3. Riksbank and ECB monetary policy decisions
Swedish government bond yields are stable after the Riksbank left its repo rate unchanged earlier this morning at -0.50%, in line with market expectations.
The two-year bond yield trades at -0.49%, while the 10-year bond yield trades at +0.77%, same as before the rate decision.
In their statement, the Riksbank indicated that a rate increase is not expected until toward the end of the year, while government bond redemptions and coupon payments will be reinvested in the bond portfolio until further notice.
At today’s ECB press conference announcement (08:30 am EDT), President Draghi is expected to keep a positive tone despite the recent setback of some economic indicators. The combination of growth and inflation comments might signal rising awareness in favour of policy “normalization”. The consensus sees the probability of a ‘dovish’ surprise as “rather low,” while a “neutral” meeting should not obstruct a continued rise in bond yields.

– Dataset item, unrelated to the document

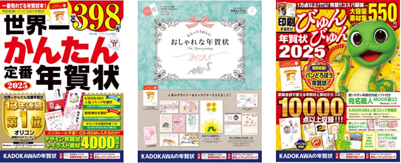 年賀状作成の幅広いニーズに応える「KADOKAWAの年賀状素材集2025年版」は、全国の書店およびオンライン書店にて発売します。

The yield on U.S. 10’s decreased -2 bps to +3.01%, the first retreat in more than a week and the biggest tumble in more than two weeks. In Germany, the 10-year Bund yield declined -2 bps to +0.62%, the largest decrease in more than a week, while in the U.K., the 10-year Gilt yield decreased -1 bps to +1.525%.
4. Market focus on ECB and EUR
The market consensus believe that unless ECB President Draghi puts a lot of emphasis on downside risks to the eurozone economic outlook this morning, justifying “a further dovish re-pricing of ECB policy expectations,” the EUR (€1.2170) has a chance to benefit. Despite the recent slowdown in E.U growth and inflation it’s going to be rather difficult to see a dovish Draghi in his press conference. The EUR/USD at the moment is finding it difficult to hold onto gains in the overnight session.
EUR/SEK (€10.4614) has moved higher after the Riksbank pushed slightly back its first potential rate hike from the beginning of H2 until the latter part of 2018.
5. German consumer sentiment set to weaken
Data this morning from the German market research group GfK showed that geopolitical issues and growing protectionism are souring German consumers’ mood.
GfK’s forward-looking consumer confidence index is set to drop to 10.8 points in May from 10.9 points in April, it said. The decrease is in line with a market forecast.
“The escalation of the Syrian crisis and the protectionist trade policies of the U.S. are worrying consumers and could now also affect Germany’s previously excellent economic prospects,” GfK said.
Digging deeper, GfK noted that consumers’ economic optimism suffered a setback in April, falling to 37.4 points from 45.9 points in March, hit by geopolitical concerns and U.S. protectionist trade policies, negative exacerbated by major fluctuations on stock markets.
Income expectations “cannot escape the downward trend in economic outlook in April,” GfK said, as the sub-index fell to 53.5 points in April from 54.9 points in March.